Braun, Thames linked by PED assumptions, as well as batting order

Milwaukee Brewers outfielder Ryan Braun watches the strangers come into their clubhouse, pulling teammate Eric Thames aside, taking him into a private area, where he is drug-tested.

Thames, who has hit 12 home runs this season after a three-year stint in Korea, has already been drug-tested five times by his count, proving his innocence to Major League Baseball.

He hears fans on the road chant “STER-OIDS!” when he walks to the plate, even though beer is the only foreign substance guaranteed to be found in his body.

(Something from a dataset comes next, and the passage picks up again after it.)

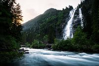 Een waterval in de Dolomieten bij zonsondergang.
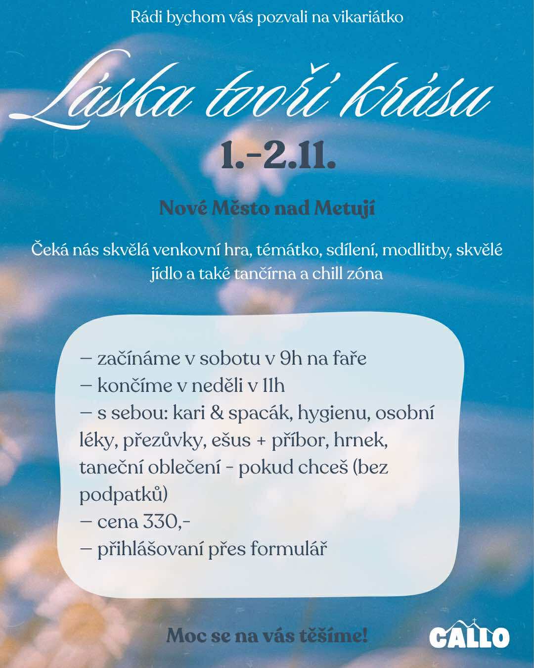 Vikariátní tým mládeže zve všechny 14+ na podzimní setkání v Novém Městě nad Metují. Čeká nás hra po městě, zamyšlení nad tím, jak může křesťan pozitivně působit na lidi a svět kolem sebe, a večer tančírna i pro začátečníky. Těšíme se 2.11. v 9 hodin na faře v Novém Městě.

“I’ve never been tested positive for anything in my life,” Thames says, “but I know that’s the way things are. I understand it. People have been so heartbroken over the years. They’ve had all of these heroes in their mind, and all of a sudden, they find out he’s cheating. It’s like, ‘Oh, he’s doing well, so he must be cheating.’ It sucks. But there’s really nothing I can do about it except keep playing.”

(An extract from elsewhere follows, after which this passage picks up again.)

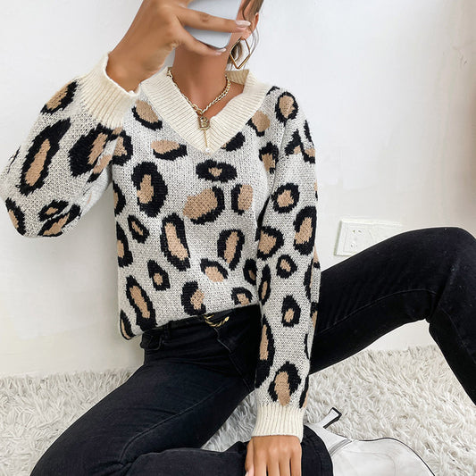 Turtleneck Jacquard Black Leopard Print European and American Sweater

Eric Thames (left) is benefitting at the plate because pitchers are wary of Ryan Braun. | Dylan Buell/Getty Images

Braun, the 2011 National League MVP and one of the greatest players in Brewers history, faces that scrutiny, too, and no matter how many drug tests he passes, there will always be skepticism. His declarations of innocence following a 2011 positive test fell apart when he was ensnared in the Biogenesis investigation.

“It’s a logical part of the conversation,” Braun says, “and ultimately I put myself in that position. It’s my fault. I have nobody to blame but myself.

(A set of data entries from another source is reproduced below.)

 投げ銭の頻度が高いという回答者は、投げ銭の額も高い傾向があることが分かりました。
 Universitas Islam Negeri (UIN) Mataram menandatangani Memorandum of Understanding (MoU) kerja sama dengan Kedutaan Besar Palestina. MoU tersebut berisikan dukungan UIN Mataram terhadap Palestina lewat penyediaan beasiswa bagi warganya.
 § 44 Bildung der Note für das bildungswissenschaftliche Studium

“I don’t let it motivate me. I don’t let it inspire me. I enjoy life too much to ever allow anybody else’s negativity or skepticism to have any impact in my life at any point.”

Baseball fans want to savor these wondrous achievements but remain skeptical. They were burned by the Steroid Era, angry that Hank Aaron and Roger Maris’ records were shattered, exhausted by the Biogenesis scandal that resulted in 14 suspensions, including Braun’s 65-game ban that ended his 2013 season.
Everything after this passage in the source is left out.